Low blood sugar.  So it was no surprise what happened last Friday.

The girls had had a day off from school.  They were tooling around the yard in their little Barbie Jeep as I pulled in the driveway with Ethan at half past three o’clock.  My command to “go wash your hands and get a snack” died on my lips when I realized he must have jumped out of the car while it was still rolling up the drive, for he was nowhere to be found.

Point being: I allowed a child with low blood sugar to go out into the world.

What then occurred was this: Ethan went to the shed to pull out his four-wheeler in order to tear around after the girls and terrorize them.  In frustration, they abandoned their Jeep and stood on the porch complaining to their daddy via multiple rings on the doorbell.  (Daddy was on the couch napping.  I’m sure he loved the doorbell).

Ethan seized the opportunity to “punk” his sisters.  If you’re an American and you’ve been living under a rock, you don’t know that “Punk’d” is today’s version of the more wholesome “Candid Camera” from the 8o’s.  Those days, people smiled abashedly when they realized they were being scammed for laughs.   “Punk’d” is designed to make people really, really mad.  Of course, that was Ethan’s intention.

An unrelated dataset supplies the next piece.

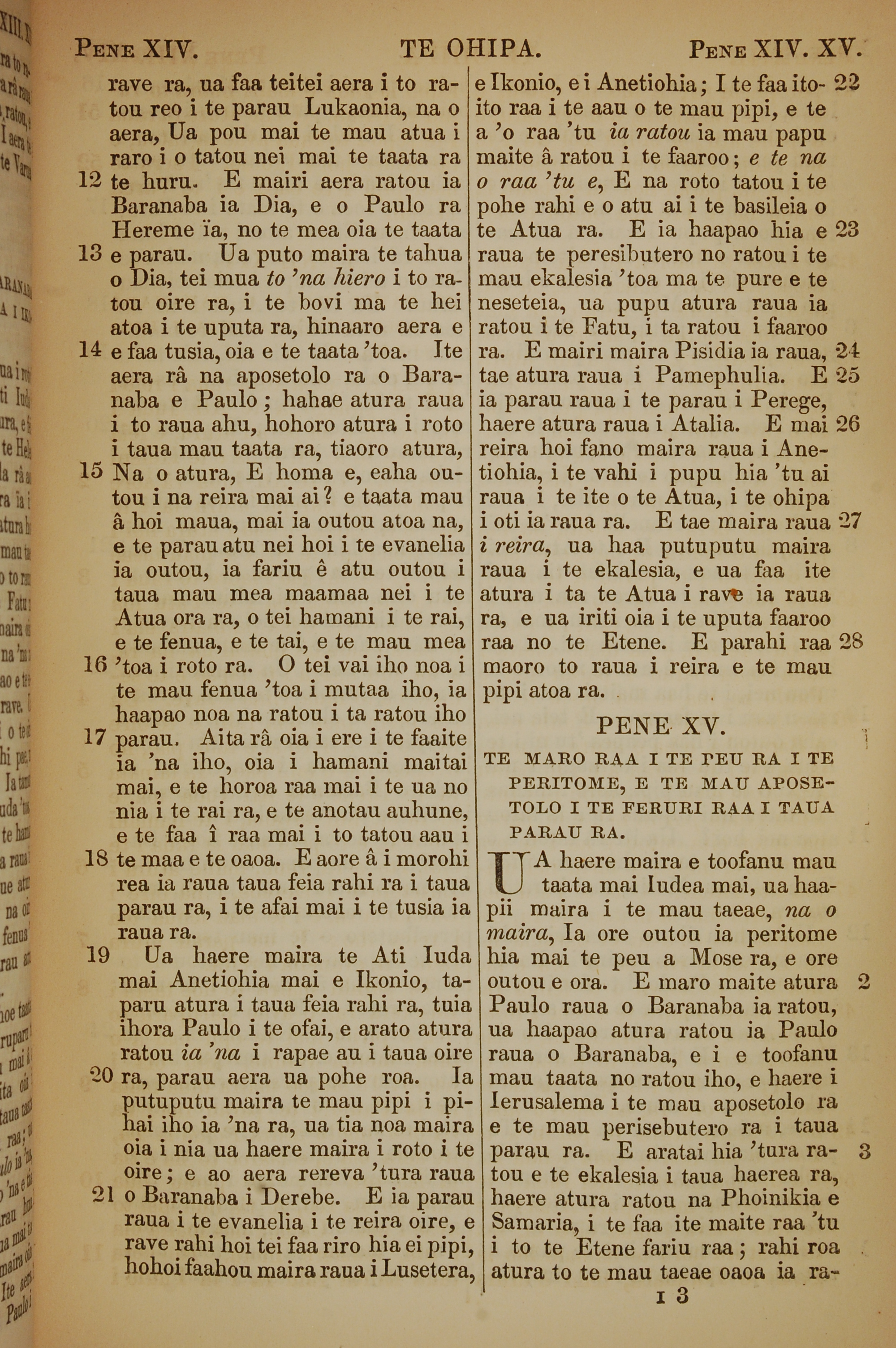 1853年塔希提語新約全書 使徒行傳 14 章 12 節到 15 章 3 節

Seeing the girls occupied, he thought it would be funny to quickly drive their Barbie Jeep into hiding by parking it underneath the trampoline.  But when he was just about there, he turned around and saw Emily getting on his four-wheeler and flashing him a smug smile.  In his words, “I got so distracted, I stopped paying attention to my driving, and the next thing I knew, WHAM!”

Wham is right.  He drove his face (not his Jeep, but his face)directly into the trampoline support pole.

This is where I come in.  This child staggers into the house, dazed and bawling, holding his face.  And all I can think is, Low blood sugar strikes again.

“You should have had a snack,” I said lamely.

Pay attention to your children’s diets.  Then you won’t have to take them to their ballgame looking like you’ve already used their heads for batting practice.